Inferior epigastric artery is a vessel keen to iatrogenic laceration after various medical procedures due to its superficial route. In the majority of cases a pseudoaneurysm is formed, the patient remaining stable. However, in one case of IEA laceration after percutaneous biopsy a large haematoma was formed, surgical control failed and patient died [5].
Surgical ligation of the lacerated vessel was not attempted in our case due to obscuration of the vessel by a large haematoma and therefore retention sutures were placed around the lacerated lesion. In a similar case reported by Todd et al after laparotomy, surgical access to the haematoma allowed direct ligation of the vessel. However the patient turned unstable and the patient died 36 hrs later [5]. We believe that the IEA pseudoaneurysm formation 41 days after the biopsy was probably due to the gradual absorbance of the formed haematoma or of one of the retention sutures which resulted in relaxation of the tamponating forces on the lacerated vessel.
Patients with IEA pseudoaneurysms may be hemodynamically stable or unstable, depending on the tamponating force that the extravasating blood receives from the surrounding tissues [1]-[4, 10].
Treatment options of IEA pseudoaneurysms include surgical ligation of the lacerated vessel [3], transcatheter embolization [2, 4, 6], percutaneous thrombin injection [10] or direct compression [1].
Percutaneous thrombin injection is a widely accepted method for the treatment of pseudoaneurysms of the common femoral artery (CFA) that usually occurs after catheterization for interventional procedures [7]. There is only one case in the literature of a spontaneous IEA pseudoaneurysm which was treated successfully with percutaneous thrombin injection [8]. We decided to apply this type of therapy in our patient due to her debilitating condition.

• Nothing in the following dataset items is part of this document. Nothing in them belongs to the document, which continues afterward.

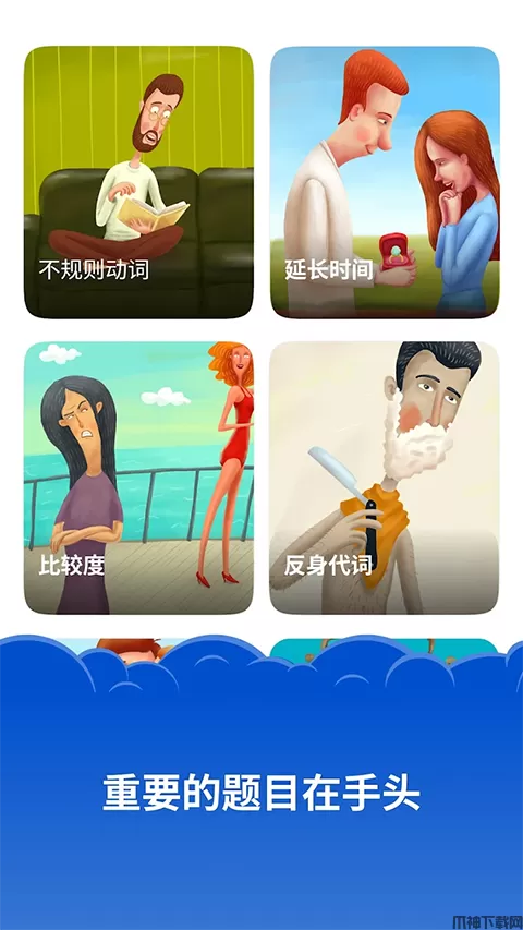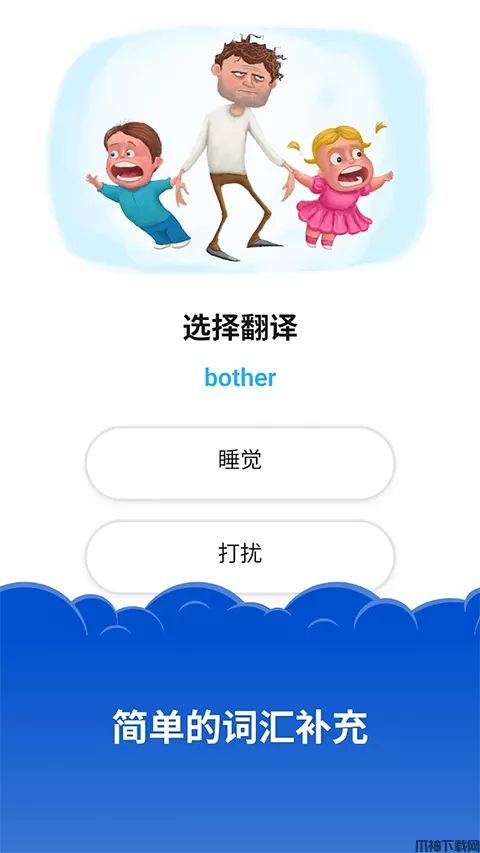 2、我们已经创建了一个容易而清晰的记忆英语单词系统,除了翻译之外,您还可以看到一个特殊的插图,显示未知单词的操作,以及一个文本关联,显示图片中的操作,并允许您创建额外的助记词连接.英语教程简单的组织单词的重复的时间间隔,这是由遗忘艾宾浩斯的曲线计算,有了我们,你的词汇量只会增长!
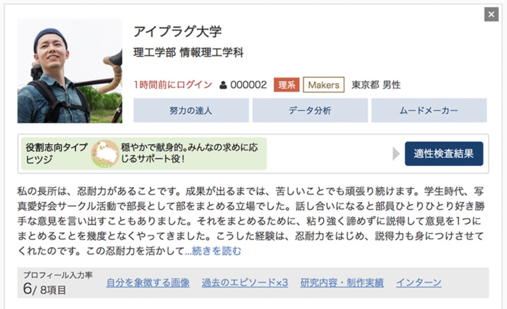 OfferBoxに登録している学生は、学歴やスキル情報に加え、自己PRや適性診断、価値観、志向性、自分を象徴する写真など34項目にわたるプロフィール情報を詳細に入力しています。これにより、企業は学歴など表面的な経歴だけでなく、人柄や考え方などを把握したうえでオファーすることが可能です。
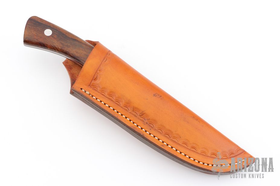 This Hunter from Larry Page features a mirror polished drop point blade, .124" blade stock and .950" blade depth, full tapered tang. The handle has a polished stainless steel guard, desert ironwood scales over red liners. Marked #5577 on the underside of the tang and on the back of the sheath. Comes with a brown leather belt sheath. Excellent condition.

Thrombin failure has been reported in the literature. Sheiman et al, in a study of 54 patients with simple CFA iatrogenic pseudoaneurysms treated with percutaneous US-guided thrombin injection concluded that their failure rate of 9% was due to an underlying sonographically occult vascular injury due to vessel laceration or infection. They also speculated that need for a dose more than 1000U of thrombin for pseudoaneurysm thrombosis is an indirect indicator of a large arteriotomy site defect requiring closer clinical follow-up [12].
In the reported case of IEA pseudoaneurysm that was treated with percutaneous thrombin injection, Shabani et al. refer a rare case of spontaneous pseudoaneurysm [8]. The authors do not refer previous traumatic mechanism or shear forces; therefore we may presume that the IEA has not been previously seriously lacerated. In our case 1500 U of thrombin were given but treatment failed for unknown reasons. A possible explanation may be that damaged endothelium at sites of a large arteriotomy or laceration expresses thrombomodulin which complexes with thrombin to activate protein C. Activated protein C is known to activate an anticoagulation pathway [13] and reduce the relative size and number of fibrin fibers within maturing thrombus [14]. This mechanism may help to explain why the clot which developed within the unsuccessfully treated pseudoaneurysm underwent spontaneous thrombolysis within 24 hrs leading to pseudoaneurysm recurrence.
Percutaneous coil embolization has shown to be effective in the hemorrhage control in all the reported cases [2, 4, 6]. In all cases the proximal and distal portions of the feeding vessel has been embolized with coils and complete thrombosis of the pseudoaneurysm has been achieved. Ferer et al, recommend surgical treatment for the cases of large pseudoaneurysms and percutaneous embolization for smaller lesions [15]. In a more recent study Lam et al, reported two cases of large pseudoaneurysms that have been successfully embolized [2].
We attempted initially the thrombin approach due to the fact it is a simple, quick and safe technique, minimally invasive, painless and very effective. We believe that the significant vessel wall laceration was the cause of the thrombin failure. Nevertheless, the patient was successfully treated with percutaneous embolization which is a more invasive, established intravascular therapeutic approach. We suggest this approach sequence as the most appropriate in the cases of IEA pseudoaneurysms.